Why do our students study things they will never “use”?

To answer this we need to consider what a person is and what they are made for. If a person were just a body, then the goal of education would be to develop that body, extend its life, and find ways to make the body have a pleasant time on earth. Anything that didn’t further that would be pointless. There might be a place for virtue, but only so far as it helped one get ahead—otherwise the goal would be advancement over others and the accumulation of wealth and power to provide one with the comforts one desires.

But man is not just a body, he is a soul as well. As such, education will involve a number of things that train the soul. But the soul isn’t a slab of marble, one can’t work on it directly. One can’t, for example, simply instill within oneself the virtue of perseverance. One has to, well, persevere through difficult things to develop that!

Something like math is going to be directly used by an engineer, but it will no less benefit a seamstress or poet. For in studying math one learns to think through things logically and to be successful at it one must develop habits of concentration, diligence, and perseverance, habits that will benefit one in any vocation and indeed in all areas of life.
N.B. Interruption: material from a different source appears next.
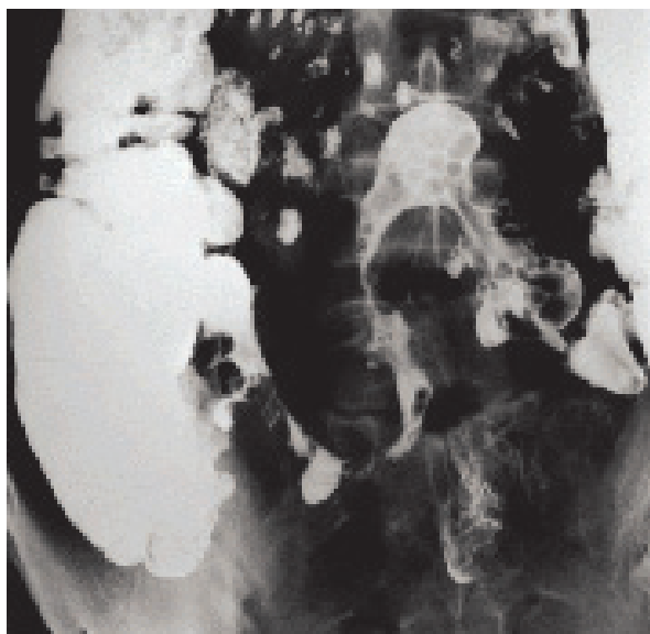
Slika 4. Stenozirajući oblik Crohnove bolesti; pasaža tankog crijeva

Radiološke pretrage. U teškim oblicima bolesti iznimno je važna nativna snimka abdomena kojom se isključuje ili potvrđuje toksični megakolon, ileus ili perforacija crijeva. Irigografija je korisna za procjenu proširenosti bolesti u debelom crijevu i otkrivanje komplikacija poput striktura i karcinoma. Osobito je važna za evaluaciju cijelog debelog crijeva, ako to endoskopski nije moguće zbog suženja crijeva. Za evaluaciju promjena u tankom crijevu primjenjuje se pasaža tankog crijeva (slika 4) ili enterokliza, nezaobilazna pretraga u procjeni anatomske proširenosti i

But can’t one learn these habits another way? For example, cannot one learn concentration, diligence, and perseverance by playing piano? Indeed one can! I don’t believe there is any such thing as one “right” educational path for all people. If the goal of education is the formation of the soul then there are multiple ways to go about it—Jesus never studied Calculus or Physics and yet He was The Fully Formed Man. So would I support a young person that wanted to forego math so that he or she had time to master the piano? Given the right circumstances, yes. But the fact of the matter is that most students that want to get out of studying math (or any subject) generally don’t want to do something else of value and difficulty, rather they want to do nothing or something of negligible worth.

I think the very question “why should we study things we will never use?” is mistaken. To begin with, no young person knows what they will end up using. And secondly, and most importantly, a person is not a thing to be trained! A person is more than their accumulated skills so education must be more than the mere transmission of skills and useful knowledge.